Restate word for word the lines of the listing below, from its first line through the line with "Qui ne connait", without the pictures.

= Beginning of Section =

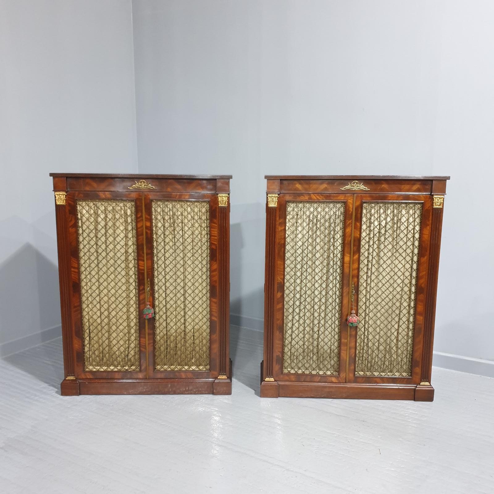 Top quality pair solid mahogany 'Regency style' bookcases or side cabinets, with crossbanded tops, flame mahogany fronts, brass grill fronts with original silk fabric, brass mounts and adjustable shelving, in very good original condition, made by 'G T Ratcliffe'.
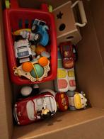 Een doosje vol babyspeelgoed met verschillende speelgoed van verschillende winkels : ikea,action,dreamland,dreambaby, kruidvat etc.
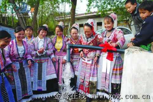 4月23日,貴陽市第一個抗旱應(yīng)急水利工程——清鎮(zhèn)市流長苗族鄉(xiāng)磅寨應(yīng)急供水工程在該鄉(xiāng)腰巖村通水,日供水1993立方米,解決了15個行政村2萬人飲水難。圖為苗族同胞開閘放水。
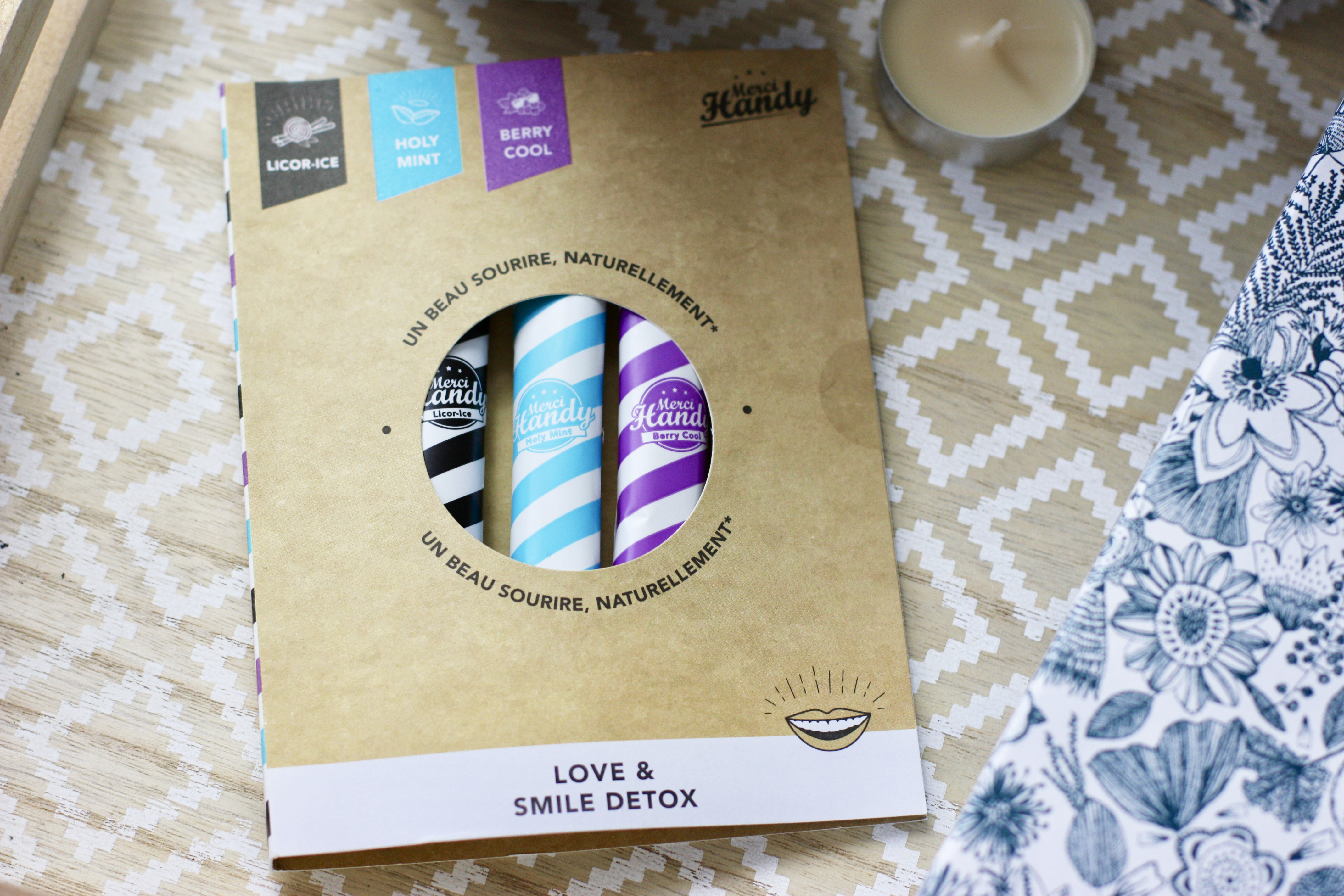 Qui ne connait pas Merci Handy ? À la base j’ai découvert cette marque avec leur gel antibactérien qui sentait la vanille au nom hyper fun. Puis ils ont élargis leur gamme avec des baumes à lèvres, des bougies etc… Dans cette Birchbox, vous avez 3 jours de Smile Détox, de l’oil pulling (une méthode ancestrale de nettoyage des dents) revisitée à la sauce Merci Handy. Vous avez donc 3 sticks d’huile de coco, du charbon actif et des senteurs comme Licor-ice, Holy Mint ou encore Berry Cool pour se lancer dans la quête du sourire de star.
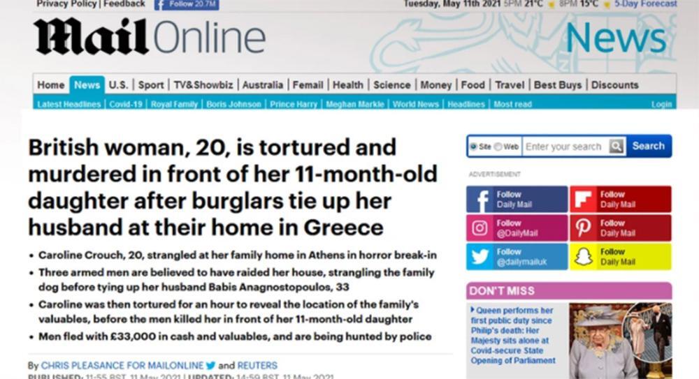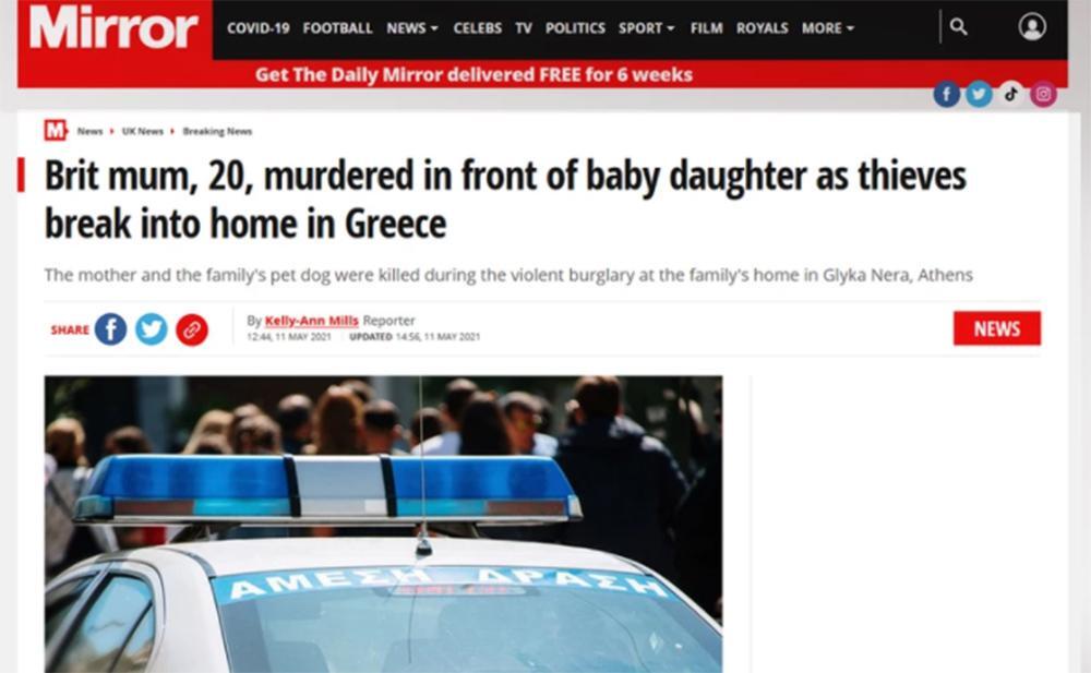 Βρετανίδα γυναίκα, 20 ετών, βασανίστηκε και δολοφονήθηκε μπροστά στην 11 ετών κόρη αφού διαρρήκτες έδεσαν τον σύζυγό της στο σπίτι τους στην Ελλάδα είναι ο τίτλος δημοσιεύματος του Daily Mail. Στο άρθρο αναφέρεται ότι η γυναίκα βασανίστηκε για μια ώρα προκειμένου να αποκαλύψει πού είχαν κρυμμένα πολύτιμα αντικείμενα στο σπίτι, πριν τη σκοτώσουν μπροστά στην 11 μηνών κόρη της.

= End of Section =

__Output__.
 Top quality pair solid mahogany 'Regency style' bookcases or side cabinets, with crossbanded tops, flame mahogany fronts, brass grill fronts with original silk fabric, brass mounts and adjustable shelving, in very good original condition, made by 'G T Ratcliffe'.
 Een doosje vol babyspeelgoed met verschillende speelgoed van verschillende winkels : ikea,action,dreamland,dreambaby, kruidvat etc.
 4月23日,貴陽市第一個抗旱應(yīng)急水利工程——清鎮(zhèn)市流長苗族鄉(xiāng)磅寨應(yīng)急供水工程在該鄉(xiāng)腰巖村通水,日供水1993立方米,解決了15個行政村2萬人飲水難。圖為苗族同胞開閘放水。
 Qui ne connait pas Merci Handy ? À la base j’ai découvert cette marque avec leur gel antibactérien qui sentait la vanille au nom hyper fun. Puis ils ont élargis leur gamme avec des baumes à lèvres, des bougies etc… Dans cette Birchbox, vous avez 3 jours de Smile Détox, de l’oil pulling (une méthode ancestrale de nettoyage des dents) revisitée à la sauce Merci Handy. Vous avez donc 3 sticks d’huile de coco, du charbon actif et des senteurs comme Licor-ice, Holy Mint ou encore Berry Cool pour se lancer dans la quête du sourire de star.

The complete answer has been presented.